What is required: From the data below, repeat exactly the lines from the line with "A lovely rustic" to the line with "Elevate the style", both included.

Supplied entries:
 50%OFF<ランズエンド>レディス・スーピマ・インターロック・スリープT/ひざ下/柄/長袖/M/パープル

==

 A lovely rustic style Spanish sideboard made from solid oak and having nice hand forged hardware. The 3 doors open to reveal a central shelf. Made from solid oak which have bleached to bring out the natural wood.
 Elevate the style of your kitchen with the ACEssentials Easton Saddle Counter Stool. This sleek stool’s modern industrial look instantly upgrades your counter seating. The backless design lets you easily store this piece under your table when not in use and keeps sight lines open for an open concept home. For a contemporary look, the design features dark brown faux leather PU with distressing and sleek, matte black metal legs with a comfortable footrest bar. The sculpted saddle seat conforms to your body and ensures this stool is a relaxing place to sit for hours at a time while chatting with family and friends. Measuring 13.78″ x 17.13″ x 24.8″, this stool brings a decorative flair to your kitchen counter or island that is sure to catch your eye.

Result of this task:
 A lovely rustic style Spanish sideboard made from solid oak and having nice hand forged hardware. The 3 doors open to reveal a central shelf. Made from solid oak which have bleached to bring out the natural wood.
 Elevate the style of your kitchen with the ACEssentials Easton Saddle Counter Stool. This sleek stool’s modern industrial look instantly upgrades your counter seating. The backless design lets you easily store this piece under your table when not in use and keeps sight lines open for an open concept home. For a contemporary look, the design features dark brown faux leather PU with distressing and sleek, matte black metal legs with a comfortable footrest bar. The sculpted saddle seat conforms to your body and ensures this stool is a relaxing place to sit for hours at a time while chatting with family and friends. Measuring 13.78″ x 17.13″ x 24.8″, this stool brings a decorative flair to your kitchen counter or island that is sure to catch your eye.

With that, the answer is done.